Машина Мбайе свернула в ближнюю улицу.
Мбайе принадлежал к тому поколению, которое в определенных кругах называют «Новой Африкой» и у которого логический ум европейской выучки странным образом сочетается с некоторыми чертами арабского национального характера и с негро-африканским темпераментом. Это был делец – маклер по разным делам; за каждую услугу он брал определенную сумму, смотря по важности сделки. О нем говорили, что нет узла, который бы он не взялся развязать. У Мбайе был особнячок на южной окраине города, две жены, одна – христианка, другая – мусульманка, была собственная машина. Иными словами, он занимал в обществе довольно высокое положение…

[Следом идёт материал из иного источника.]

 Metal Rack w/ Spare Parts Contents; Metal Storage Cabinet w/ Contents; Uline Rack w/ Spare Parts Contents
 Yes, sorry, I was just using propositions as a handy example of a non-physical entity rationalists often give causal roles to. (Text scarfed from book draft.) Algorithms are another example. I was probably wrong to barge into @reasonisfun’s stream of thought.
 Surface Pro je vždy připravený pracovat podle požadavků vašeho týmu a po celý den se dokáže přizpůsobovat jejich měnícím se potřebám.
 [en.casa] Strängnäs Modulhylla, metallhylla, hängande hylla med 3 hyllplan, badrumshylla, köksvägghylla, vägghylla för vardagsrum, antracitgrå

Вилла Мбайе высилась среди лачуг и старых бараков. В гостиной, заставленной креслами, стульями, вазами с искусственными цветами, преобладали голубые тона. Дьенгу открыла Тереза, жена-христианка, и провела его в эту нарядную гостиную. Тереза собиралась идти на работу; она была в цветастом платье и причесана под Брижжит Бардо.
– Мбайе отдыхает, – прощебетала она по-французски.

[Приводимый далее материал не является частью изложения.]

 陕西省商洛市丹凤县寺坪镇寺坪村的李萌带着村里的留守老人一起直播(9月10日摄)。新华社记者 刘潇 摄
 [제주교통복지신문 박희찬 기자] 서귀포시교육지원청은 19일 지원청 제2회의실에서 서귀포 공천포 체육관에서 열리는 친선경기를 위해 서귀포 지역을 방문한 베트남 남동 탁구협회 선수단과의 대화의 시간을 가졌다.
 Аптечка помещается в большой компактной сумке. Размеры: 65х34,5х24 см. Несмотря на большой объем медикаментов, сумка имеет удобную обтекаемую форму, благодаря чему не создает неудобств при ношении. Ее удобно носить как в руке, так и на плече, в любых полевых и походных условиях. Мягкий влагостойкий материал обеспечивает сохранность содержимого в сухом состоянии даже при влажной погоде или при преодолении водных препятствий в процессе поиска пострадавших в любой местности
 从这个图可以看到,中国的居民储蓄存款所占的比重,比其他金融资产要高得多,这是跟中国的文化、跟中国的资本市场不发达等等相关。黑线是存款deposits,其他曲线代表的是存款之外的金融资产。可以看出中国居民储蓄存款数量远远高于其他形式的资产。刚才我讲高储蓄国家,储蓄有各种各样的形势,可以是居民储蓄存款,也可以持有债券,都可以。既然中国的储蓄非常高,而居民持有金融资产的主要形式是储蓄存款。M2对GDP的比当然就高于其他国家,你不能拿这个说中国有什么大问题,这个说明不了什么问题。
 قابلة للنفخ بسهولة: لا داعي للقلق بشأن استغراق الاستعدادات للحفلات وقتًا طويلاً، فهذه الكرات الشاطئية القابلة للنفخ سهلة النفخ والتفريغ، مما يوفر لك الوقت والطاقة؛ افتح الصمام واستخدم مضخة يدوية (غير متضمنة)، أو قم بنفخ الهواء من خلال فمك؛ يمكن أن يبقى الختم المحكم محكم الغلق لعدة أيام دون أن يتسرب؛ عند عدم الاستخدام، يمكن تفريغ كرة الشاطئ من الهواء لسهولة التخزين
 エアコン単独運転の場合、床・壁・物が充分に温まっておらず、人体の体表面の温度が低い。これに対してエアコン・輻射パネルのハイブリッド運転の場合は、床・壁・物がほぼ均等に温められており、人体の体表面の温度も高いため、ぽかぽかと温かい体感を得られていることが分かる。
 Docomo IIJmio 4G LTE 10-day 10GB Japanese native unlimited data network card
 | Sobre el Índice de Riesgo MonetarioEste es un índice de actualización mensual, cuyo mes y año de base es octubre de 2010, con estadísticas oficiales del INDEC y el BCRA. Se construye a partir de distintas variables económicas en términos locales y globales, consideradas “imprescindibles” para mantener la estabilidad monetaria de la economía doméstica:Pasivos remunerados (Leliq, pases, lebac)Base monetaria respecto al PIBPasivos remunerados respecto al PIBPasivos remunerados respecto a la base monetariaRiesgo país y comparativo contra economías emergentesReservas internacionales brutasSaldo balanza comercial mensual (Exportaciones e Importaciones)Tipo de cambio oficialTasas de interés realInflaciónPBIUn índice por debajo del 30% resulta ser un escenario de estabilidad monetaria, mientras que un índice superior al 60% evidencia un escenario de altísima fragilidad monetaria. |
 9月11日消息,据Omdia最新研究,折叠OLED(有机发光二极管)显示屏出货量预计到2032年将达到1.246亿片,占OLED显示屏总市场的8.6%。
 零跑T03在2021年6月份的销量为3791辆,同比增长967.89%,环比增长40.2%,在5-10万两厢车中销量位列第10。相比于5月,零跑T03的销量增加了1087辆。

Видя, что Дьенг весь в поту, Тереза включила вентилятор.
Дьенг с завистью оглядывал обстановку и думал: «Вот как живут люди! Абду, наверно, тоже так устроится, когда вернется из Парижа».
Прошло больше десяти минут. Наконец Мбайе вошел в гостиную, на ходу завязывая галстук.
– Ты уже здесь!.. Тереза, что же ты меня не разбудила? Сказала бы, что ко мне пришли, – упрекнул он жену, которая с нетерпением поглядывала на дверь.
– Ты ведь, дружок, меня не предупредил, – ответила она опять по-французски.
Мбайе, с почтительностью младшего по отношению к старшему, стал извиняться.
– Да ничего, я ведь пришел немного раньше, чем мы условились. И потом я знаю, ты же устаешь.
Мбайе, стараясь, однако, не слишком перебарщивать, стал сетовать на бешеные темпы современной жизни.
– Право, совсем некогда отдохнуть. А врачи посылают меня во Францию полечиться.
Вошла служанка, принесла на подносе кофе.
– Принеси еще чашку для дядюшки.
– Спасибо, я не пью.
За окном трижды раздался автомобильный гудок, и Тереза вскочила с места:
– Не забудь выключить вентилятор. До вечера!
– Послушай, позвони тому типу. Скажи, что я еду в Рюфиск.
– Ладно. Пока!
– Ну и ну! – удивился Дьенг.
– Что ж, это результат прогресса в нашей стране. У женщин теперь равные права с мужчинами.
Сказав это, Мбайе принялся потягивать кофе, а Дьенг поведал ему обо всех своих злоключениях, рассказал даже о выдумке Мети.
– Женщины иногда бывают просто гениальны! Мы сейчас отправимся с тобой в полицию. И сначала оформим доверенность на мое имя для получения перевода. Ведь выправить тебе удостоверение личности мы уже не успеем. А заверить доверенность в полиции совсем не сложно. Не позже чем послезавтра ты получишь свои деньги.
– Иншалла![41]41
Если пожелает аллах! (араб.)
[Закрыть] Я целиком полагаюсь на тебя. Спасибо!
– Ну, моя заслуга невелика, – скромно ответил Мбайе, – будем надеяться, что перевод не отошлют обратно твоему племяннику.
Допив кофе, он остановил вентилятор. Вошла первая жена, одетая по-африкански. Поздоровавшись с Дьенгом, она отозвала мужа в сторону и стала что-то ему говорить.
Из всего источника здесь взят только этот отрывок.